I'm also a little nervous about entertaining Matthew on the 5 hour train ride. I've got activities and a portable DVD player (with 2 hours battery time), but beyond that, I don't know. I'm hoping he will be amused by the scenery and the fact that he is on a train.
Of course, I'm also a little worried about the trip itself. I have many many plans for the trip including taking a cable car up a mountain (when we were about 11 and 13 my parents had us climb that mountain!!!), going to Ben & Jerry's, visiting some farms, shopping, swimming and relaxing. But, I'm hoping my somewhat precocious 3-year old wants to do this too.
And then there's the eating aspect.
I'm used to Mike eating out with us. It will be weird just the 2 of us. I mean, Mike is generally the voice of reason when Matt decides he just wants ice cream for dinner and I kind of want to go with it. Although, since we will be in Vermont, in my opinion it's perfectly logical to eat ice cream for every meal. I mean, really, think globally eat locally!!!!
Actually, I'm pretty excited too.
And, the other thing I'm thinking of is creating a vacation scrapbook when I get back. I haven't scrap booked since Matt's first birthday, and I think it would be super fun!
Just really really nervous. And, I have a feeling when we get back, Mike and Matthew are going to have some great daddy-son bonding days while I SLEEP!!!!

Monday, July 23, 2007

Me ... a Supermom!

About once a month the guilt of being a working mother gets me down. I love my job, and I don’t really want to stay at home.

But, when my son’s daycare goes on a field trip I feel I am missing out. When I hear about a first, or when I observe him learning to read numbers and I haven’t taught him the ever-familiar guilt creeps in.

So, I wasn’t quite sure what to expect when I started reading the book “Journey to the Darkside Supermom Goes Home” by Kathy Buckworth.

The book is touted as a ‘good hard look’ at what happens corporate moms decided to become stay-at-home moms. Yikes!

It’s not like I was planning to quit my job and stay at home. That’s not why I read it. I just read it for fun. It’s written by a humourist who is a parenting writer, so I figured that it may be a fun read.

I was completely right.

Somehow Kathy Buckworth has the ability to make me laugh at myself. I’m what she would describe as a “supermom” because I work and manage having a child and everything that goes along with that in the evenings.

Some of her descriptions are dead-on. At one point she talks about how supermoms leave work and are proud to get to the child’s play on time while the parents who have been toiling away to get the play going look on in judgement.
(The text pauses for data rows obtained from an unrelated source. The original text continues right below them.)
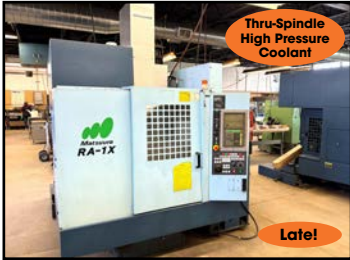
MATSUIRA # RA-1X CNC VERTICAL MACHINING CENTER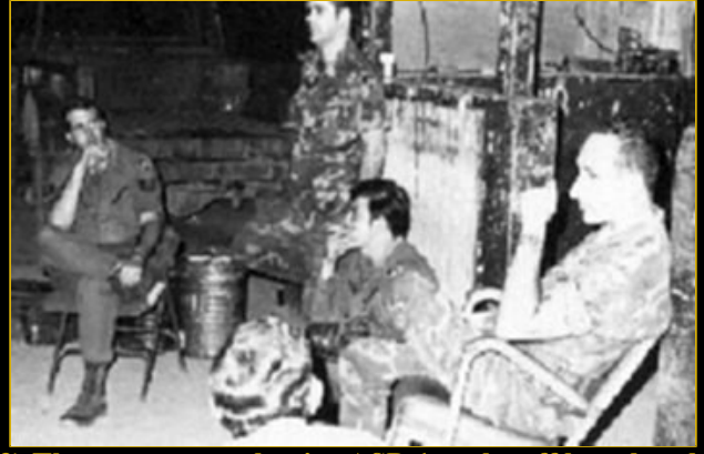
3) The entry control point ASP-1 at the off base bomb

2) In 1972, the 366th SPS was moved from the old Marine area on the west side of the runways, to a set of two story barracks on the east side near Bravo area in 1972 and that is where that photo was taken. [If the barracks were near the theatre, they are the original barracks for the 6252nd APS, in late 1964, and pre tent-city. Don Poss]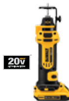
20V MAX* Cut-Out Tool Kit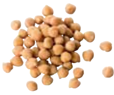
Chickpeas, ref. 2600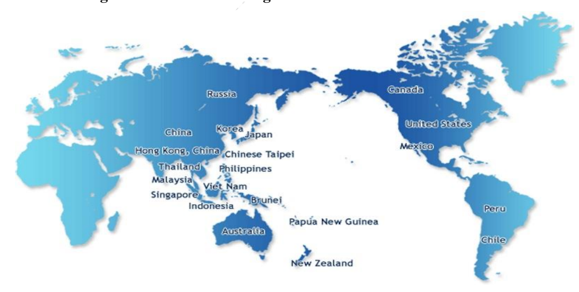
Figure 1.1 Asia-Pacific Region and APEC Member Economies

The Asia-Pacific is vast, with 46 economies spread around the Pacific Ocean rim. Distances and travel times between cities and economies in the region are substantial. Despite this, APEC economies are becoming increasingly interconnected and dependent on each other for their growth, development, trade, investment, and security.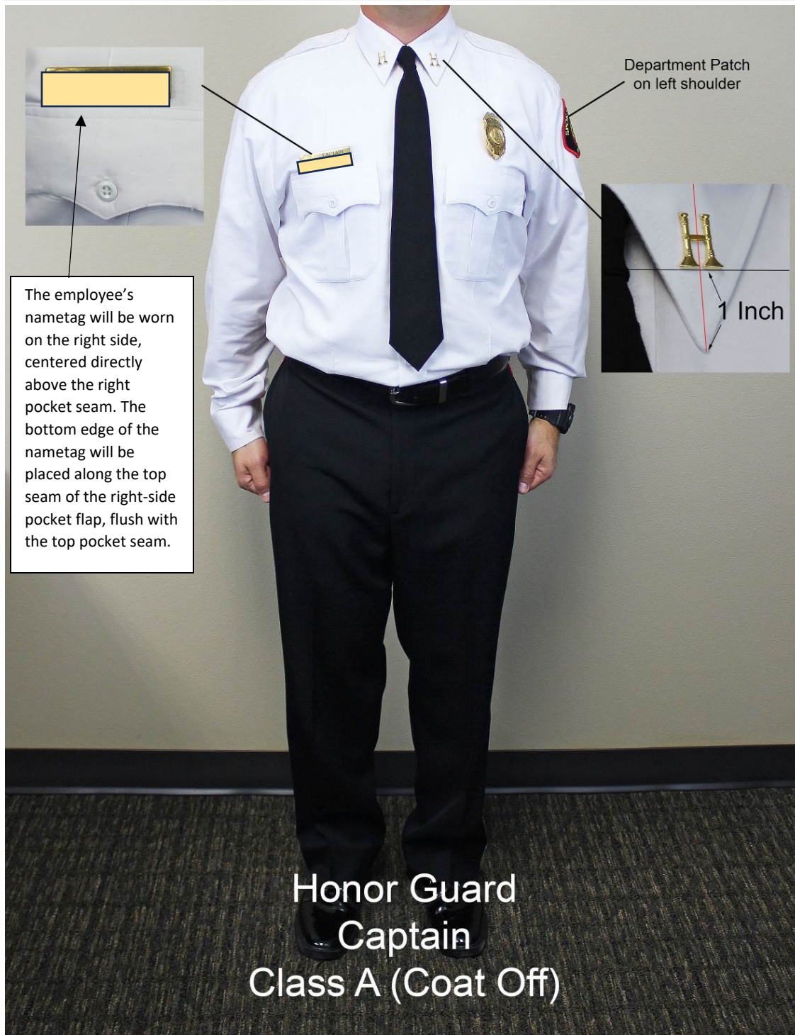
Figure 14: Class A Uniform details show for Captain in Honor Guard (coat off)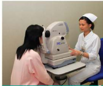
Retinography | 眼底攝影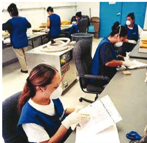
Cleaning documents after drying.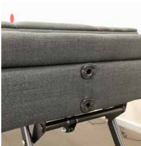
Locate mounting holes on bed frame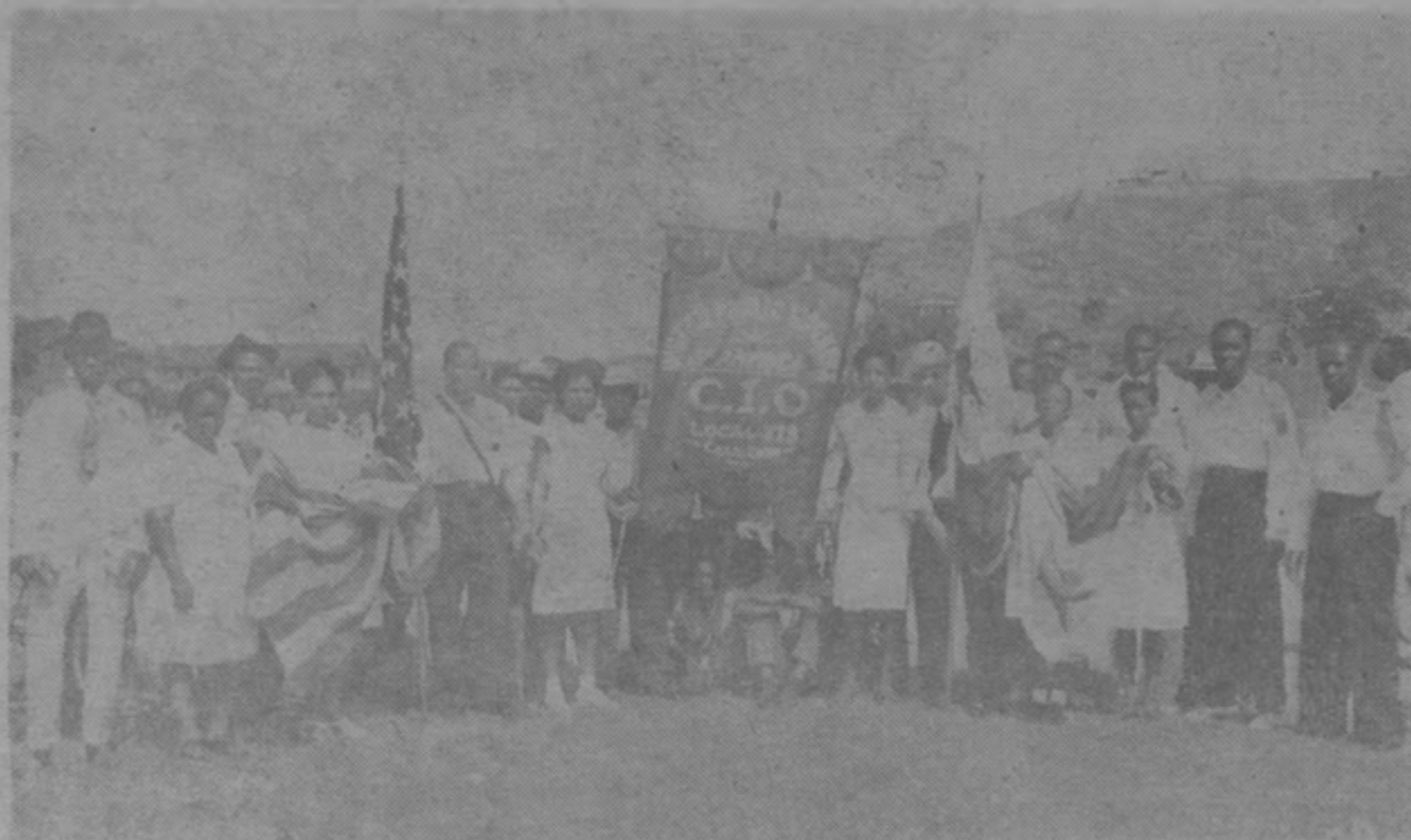
(2) The Union banner is shown above, flanked by the Panamanian and American flags.

On the Pacific parade, where the units from the Commissary Division stole the show by appearing 100% in white and with their own banner, the Community Band led the way with 3 C.I.O. cyclists while several aged patriars braved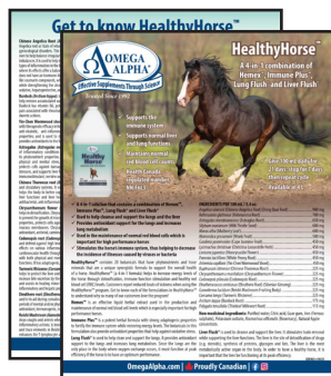
EQF002 - HEALTHYHORSE™ DOUBLE-SIDED (8.5" x 11")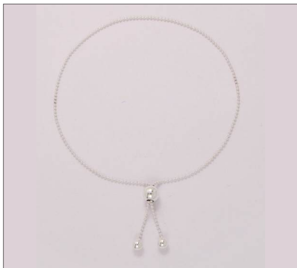
BR107310SL WT: 1.3 gm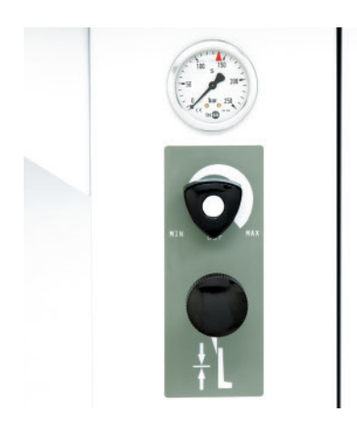
ADJUSTABLE HYDRAULIC CLAMP Clamping pressure is fully adjustable between 1,900 and 3,800 psi.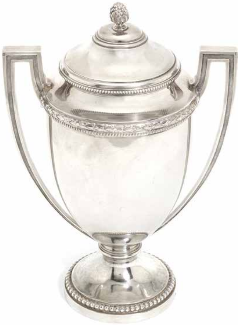
193 A 20TH CENTURY FRENCH SILVER VASE AND COVER by Emile Puiforcat, first standard marks Urn-form on a circular foot, the borders with beading and laurel-and-berry, with two angular handles, the domed cover with a bud finial, height 24.5cm, weight 31.5oz. £500 - 700 €580 - 810

Been there – I did a semester of Saturday gymnastics with Matthew. I wish Kathy had been by my side so she could have laughed along with me.

Anyway …

She takes an incredibly humourous look at what it’s truly like to stay at home with kids. She is somehow able to describe the boredom and busy-ness at the same time. Her descriptions of the various types of moms out there was hilarious.

By the time I finished reading the book there were two things that happened. First, I truly understood my sister’s life a little better (she stays at home). I sometimes wish I was doing what she was, but this book reminded me, in an incredibly funny way, that it’s not as easy as she makes it look.
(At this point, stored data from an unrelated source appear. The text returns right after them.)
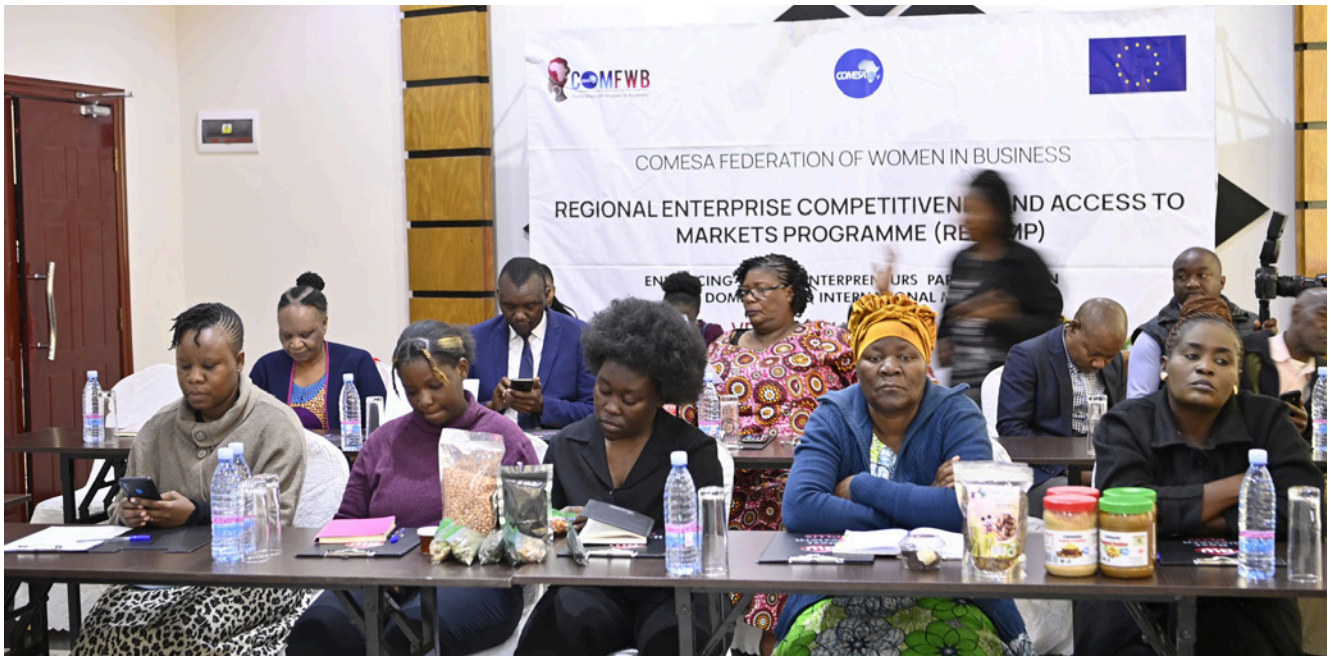
Participants at the COMFWB RECAMP training in Lusaka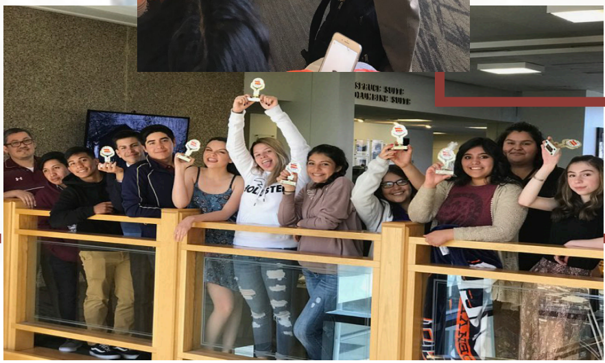
Eye of the Tiger - Students that competed in World Language Day were determined and kept their eye on the prize. Although Alamosa High School was the smallest school competing they were able to get second place.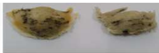
Figure 3: (a) Color changes of EBN induced by bird soil on Day 14; (b) No color changes of EBN after the bird soil treated with ElimiNit.

The contamination of \text{NO}_2^- in EBN mainly comes from the bird-soil, which involved enzymatic reaction by bacteria in natural environment at certain temperature, and humidity. Color of EBN also would become an indicator of \text{NO}_2^- level. The higher the level of \text{NO}_2^- , the color of EBN changes from white to yellowish and brownish.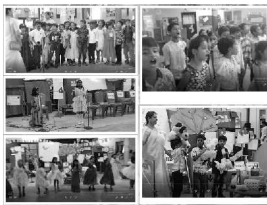
English Department , Junior section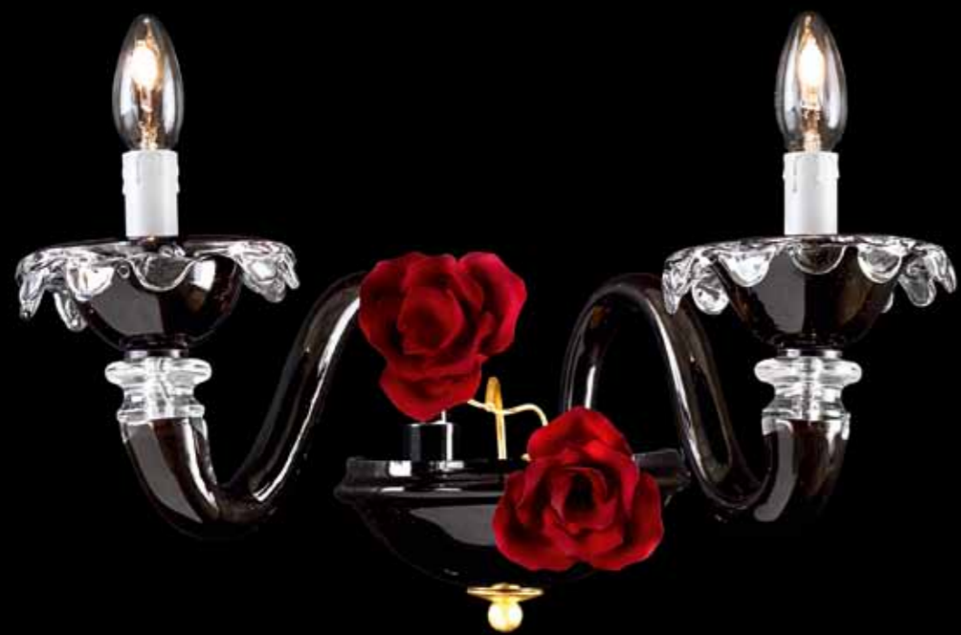
● Art. 18902/A2S-NR Diam.46 cm. - H.23 cm. - Sp.28 cm. 2 x E14 42W ES max

Second, I was really glad to go to work. I’ve been reading this book on the train, and the further I got into, the more I realized I was quite happy to hang on to my title of Supermom just a little longer.
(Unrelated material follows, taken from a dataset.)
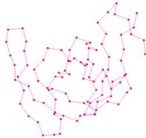
Figure 2: HIV-1 protease subunit coarse-grained model based on backbone bonds (CGB).

Consistently with the assumptions of the all-atom model recalled in Section 2.1, a coarse-grained model was developed based on C_\alpha atoms and on the protein backbone. Specifically, the coordinates of C_\alpha atoms were considered and only the connections simulating the protein backbone were generated. The resulting model geometry is shown in Fig. 2. The mass of the protein was equally divided among each C_\alpha atom and the stiffness of the backbone bonds was derived from the features of the backbone rigidity.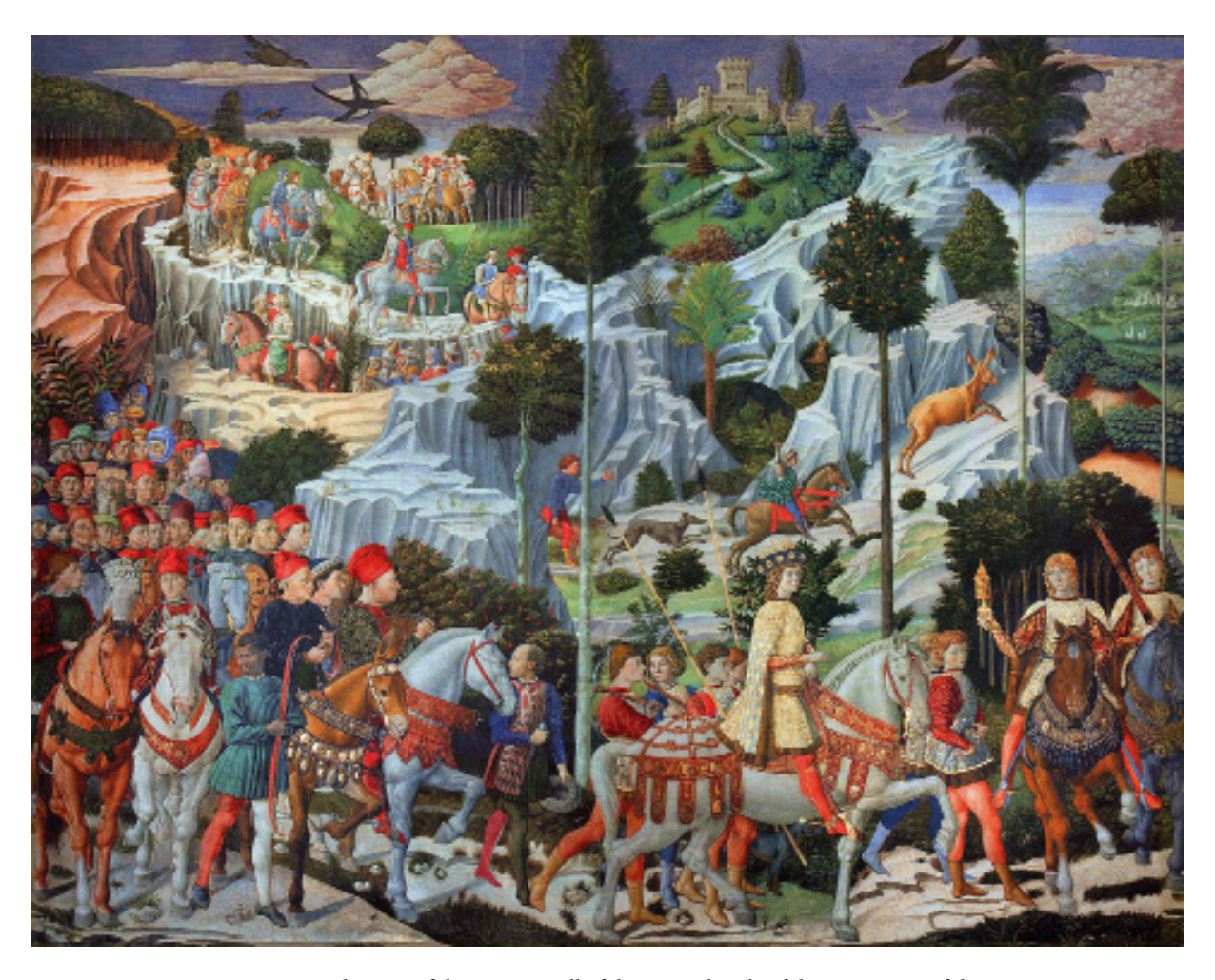
Figure 1 Benozzo Gozzoli. View of the eastern wall of the painted cycle of the Procession of the Magi. 1459. Mixed media. Chapel of the Magi, Palazzo Medici Riccardi, Florence.

The unity of the artistic decoration in the chapel has emerged first and foremost because it was designed in every detail with the somaesthetic experience of visitors in mind (AT, 57-58). The visitors, who came mostly from the upper classes, are key players in the sensory and embodied experience of the artistic interpretation of the Magi procession and the other elements of the decoration of the chapel. The sumptuous floor tiles function as standing markers for the visitors and guide their movements through the chapel's space. They are encouraged to walk the same path as the Medici. Allie Terry-Fritsch's unveiling of the coordination of the serpentine composition of the wall paintings with the movement of the viewers, which actually inspired them to follow the very powerful procession in fictional reality, is an original observation. This observation stands in contrast to many interpretations of the "Renaissance spectator, who is given spectral dominance over a spatial continuum from a fixed position" (AT, 94).

I really enjoyed this book. It wasn’t my typical read, but I was engrossed. And, this is one of those books that I’ll keep at work (really, I am) so the next time I am tired and frustrated and feeling like a crappy mom, I’ll pull it out and be able to say “oh yeah … I am making the right decision here.”

And, when you find a book that reminds you of that it’s a keeper.

But, don’t get me wrong, I think this is a book that a stay at home mom would enjoy too, because you’ll likely be reading thinking “finally, someone gets it.”